ACTIVITY 1: ENGINEERING & CULTURE
After finishing Part 1: Engineering & Culture, answer the following reflection questions:
- What were some parts of the conversation you found interesting? Was there anything you can relate to?
- What was one experience where you interacted with a different culture, social class, gender, etc.? What have you learned from that experience?
- What are your key takeaways from Part 1 of the workshop?
ACTIVITY 1: TAKEAWAYS
- With a small team, you are able to see more of the leadership skills covered in previous GEL workshops. As you move to a societal leadership level, working with other communities, being able to collaborate, working with an open mind and being able to follow rather than lead are very critical skills.
- Context is important when we as engineers are creating problem definitions because we may not even be aware of the real challenges. Collaborating with the community can help come up with a solution that helps address their actual needs.
- Take the time to hear from others and build relationships before trying to develop a solution.
- Settler research culture tends to focus on efficiency and timely effectiveness. When you go into a community that you are not familiar with, it is important to recognize the way that the community values their time, and that it may be different from your view.
Part 2: Building Cultural Competence
Cultural competence can be loosely defined as the ability to understand, appreciate and interact with people from cultures or belief systems different from one’s own. When working with groups that have different views or ways of doing things from our own, including Indigenous communities, we must do the inner work to begin to recognize, understand, and value these ways.
DeAngelis, T. (2015, March). In search of cultural competence. Monitor on Psychology, 46(3). https://www.apa.org/monitor/2015/03/cultural-competence
Q&A: WHAT IS SOME OF THE SELF REFLECTION WORK YOU HAD TO DO WHEN WORKING WITH AN INDIGENOUS COMMUNITY?
The following video discusses Sam’s experiences, as she reflected on herself and positionality as a settler researcher in engineering working in an Indigenous community.
Sam identified a negative thought pattern that she experienced during her second field trip.

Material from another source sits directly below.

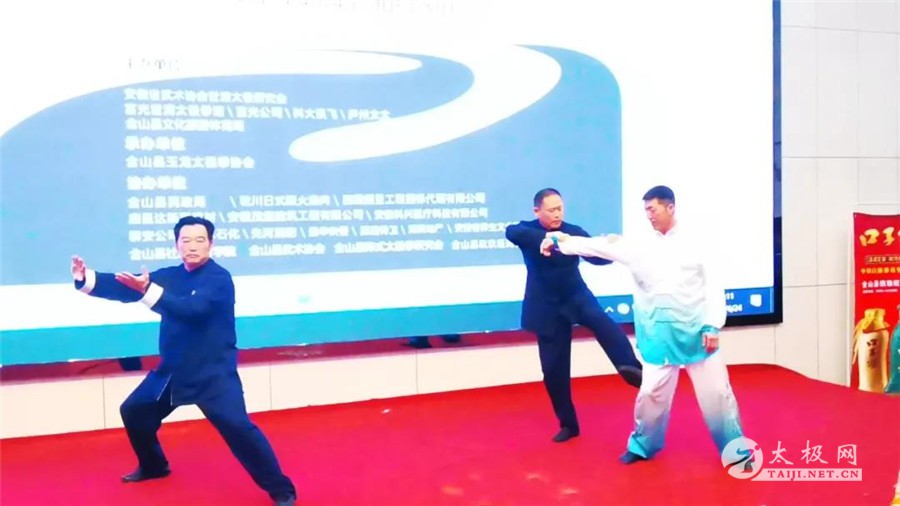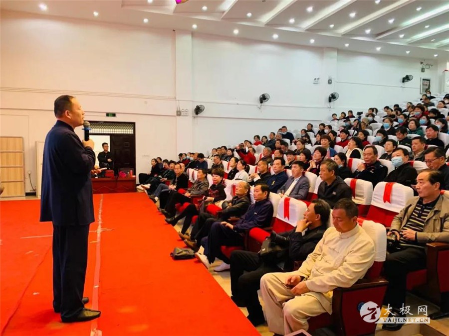 交流活动分别在含山县职教中心阶梯教室及褒禅山景区进行。“安徽省武术协会世清太极文化研究会”主任、中华杰出太极拳传承人、陈氏太极拳第12代传人倪世清老师上午先以“太极公益大讲堂”的形式,给所有与会者上了一堂生动的太极实用课程。课程从如何练好太极拳到习练太极会给企业、个人带来的向好向上的改变一一阐述,精彩的讲述博得了现场与会者强烈的共鸣,赢得了阵阵掌声!为了更好的展示太极拳的魅力,倪世清老师不仅亲身示范教学,更邀请台下的拳友上台进行互动,结合太极拳的套路“拆招解招”详细的为现场拳友分析拳理。讲课结束后,含山县玉龙太极拳协会会员及倪世清老师带来的众弟子们相继上台表演了各自“拿手”的太极拳及太极器械,各位老师精彩的表演让现场不断爆发出热烈的掌声和喝彩声!

Self-reflection helped Sam to realize that although her first field trip had a huge impact on her career (she started a PhD with UofG and Niisaachewan Anishinaabe Nation), that the Manomin Project was one of many projects being run by the community.
When working across cultural divides, it can be important to pause and ask “Have I rushed to a conclusion? Are alternatives possible?” Remember, building and maintaining healthy relationships requires time and open communication.
Q&A: WHAT DID YOU LEARN FROM PRESENTING YOUR RESEARCH TO THE INDIGENOUS COMMUNITY?
In the next part of the Q&A, Sam speaks about the importance of talking less and listening more, as well understanding the context and history that you are entering into.
Completing a community-engaged research project can be both intellectually and emotionally challenging at times. What support services can you access at the University of Guelph to help you navigate the learning process? University of Guelph counselling services is a great place to seek this support.
Sam also shows us that the more that you can listen empathetically, the better positioned you may be to grow through these challenges.
What appeared, at first, like a criticism reflected community pain about colonial violence. Sam focused on the feeling behind the words (i.e., pain) to identify a need (i.e., respect and recognition from Canada and Ontario) and, as a result, was able to consider pathways for enriching the relationship. The Manomin Project co-developed a common vocabulary to help identify trigger words and to ensure team members communicate in culturally-safe ways into the future. The vocabulary list grows alongside the relationship.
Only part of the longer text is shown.